再び夫人会にて
活動報告で載せさせて頂いた小話を修正、追加したものです。 6.3(4/8)
「本当にクラエス様のご令嬢は素晴らしいですわね。他の生徒からは聖女様と呼ばれて、慕う方もとても多いそうですわね」
月一で開かれる夫人会のお茶会。
私と同じく子供が魔法学園に通っている夫人にそう言われ、まず思ったのは自分の聞き間違いだろうということだった。
しかし再度、聞き返しても、やはり同じ答えが返ってきたので……
きっと、誰か別の人物と勘違いしているのであろうという結論に落ち着いた。
なぜなら、うちに娘は一人しかいない。
そして、その娘はもうなんでこんな風に育ってしまったのかと思う程の問題児である。
貴族のしかも公爵家の令嬢であるというのに、ドレスのまま木に登り、ほっかむりを被り畑を耕し、庭に落ちている食べ物を拾い食いするような、ほんとうにどうしようもない娘なのだ。
これが、学園で猿のような問題児がいると言われているのならば、間違いなく我が娘のことなのだが……
聖女などと呼ばれるご令嬢がうちの娘な訳がない。
しかし……
「あの、どなたか別のご令嬢と勘違いされているのではないですか?」
「いえいえ。カタリナ・クラエス様のことに間違いありませんよ。実は、うちの娘もカタリナ様の愛好会に入らせて頂いているんですよ」
「……あ、愛好会なんてあるのですか?」
「ええ、非公認なものらしいですが、結構、沢山の方が入っているらしいですわよ」
あまりの驚きに私は思わず口をポカーンとあけたまま固まりそうになる。
まさか、そんなはずがない!
なぜ、あんなとんでも娘に愛好会!?あんな猿娘の何を愛好しようというのか!?
もしかして、キースと間違っているのではないか……
実の娘は非常に残念だが、義理の息子であるキースは親の贔屓目を差し引いても、非常に優秀で素晴らしい息子に育っていた。

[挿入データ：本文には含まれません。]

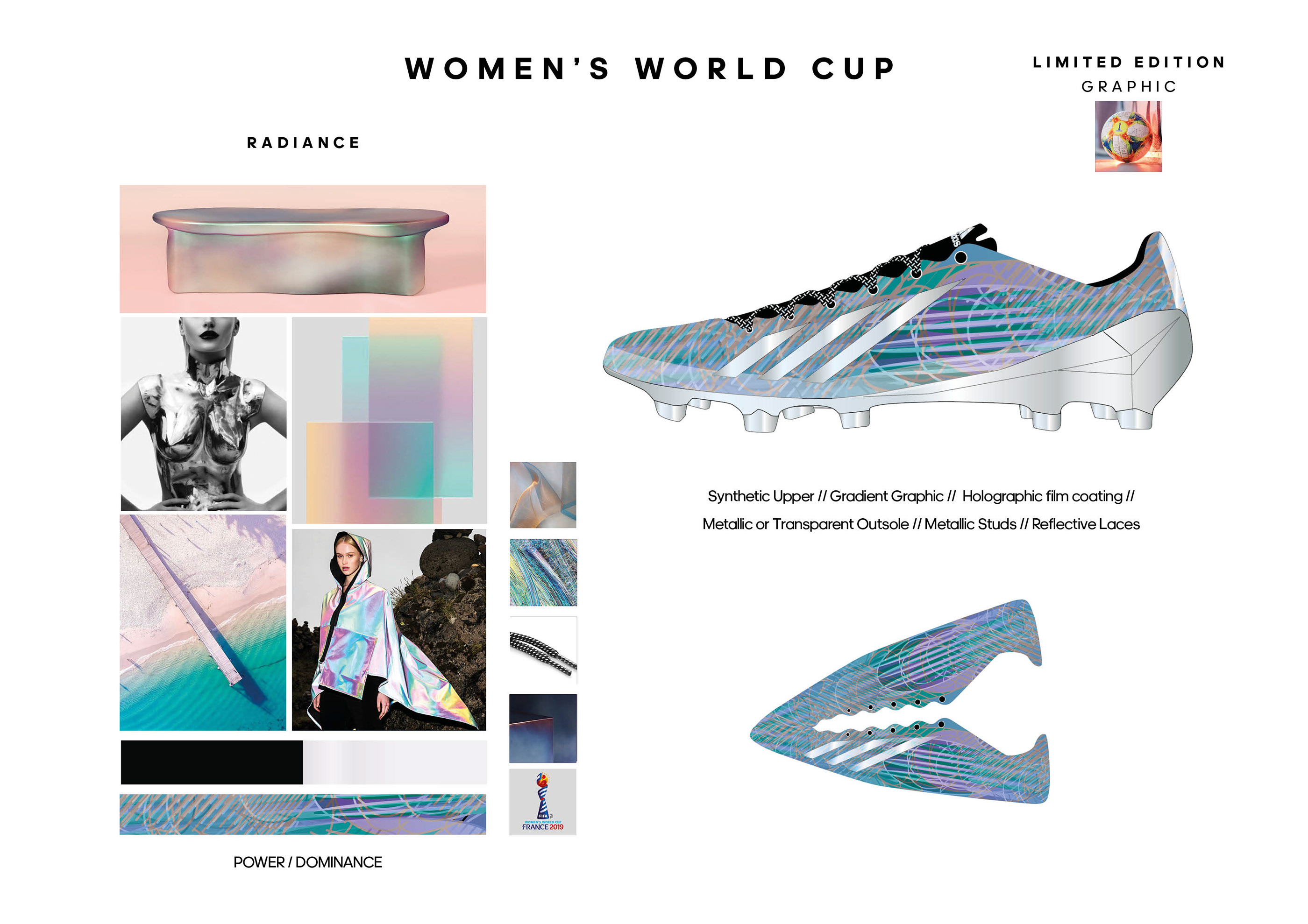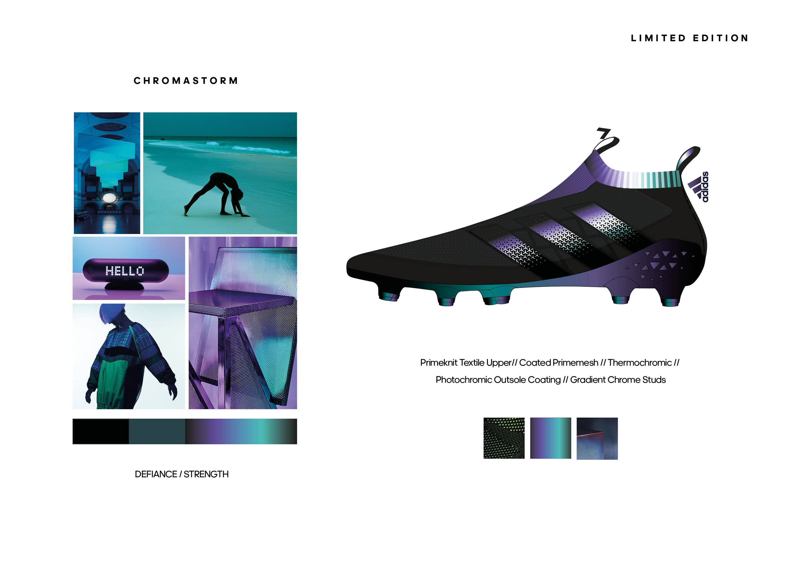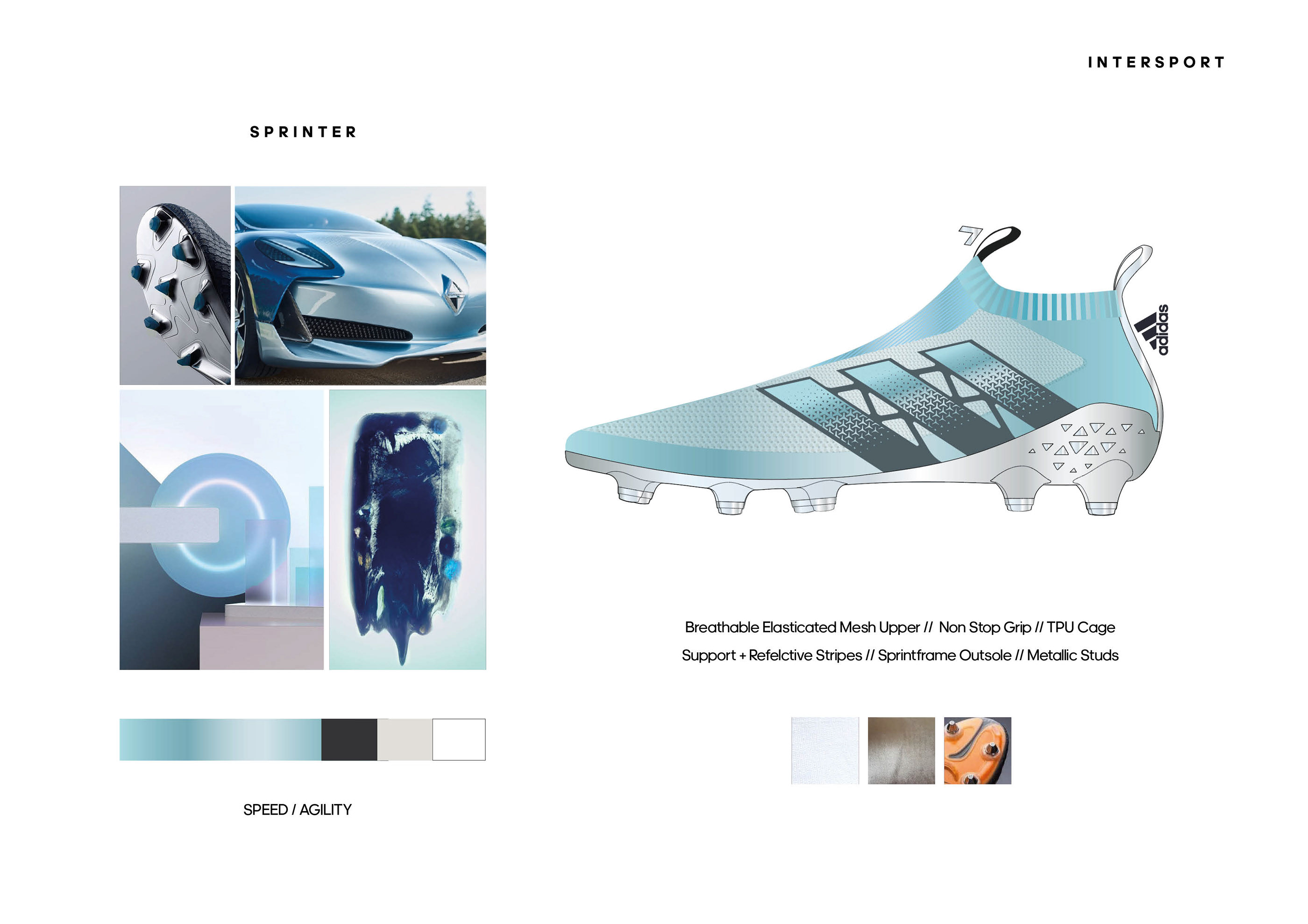 A personal project for Adidas Football CMF team, to create and color and material story for 2 limited edition boots and along with 2 limited edition graphics. As well as 2 commercial colourways for Intersport.

そう思い、何度も何度も確認するが……どうやら間違いなく、娘、カタリナのことであると判明してしまった。
それにしても、そうやって他者から聞いた娘の話は、どうやっても自分の知る娘と結びつかないような話ばかりだ。
植物を愛でる?いや、確かに木にはよく登るし、その辺の木の実をもぎ取って食べているが……
動物に好かれている?いや、よく犬には吠えられて、時には追いかけられており……とても好かれているようには見えない……
どうしても、自分の娘の話だとは信じられなかったが……
……もしかしたら、自分が知っているあのどうしようもない部分はあくまで娘の仮の姿で、本当は話に聞くように立派で聖女のような令嬢なのだろうか?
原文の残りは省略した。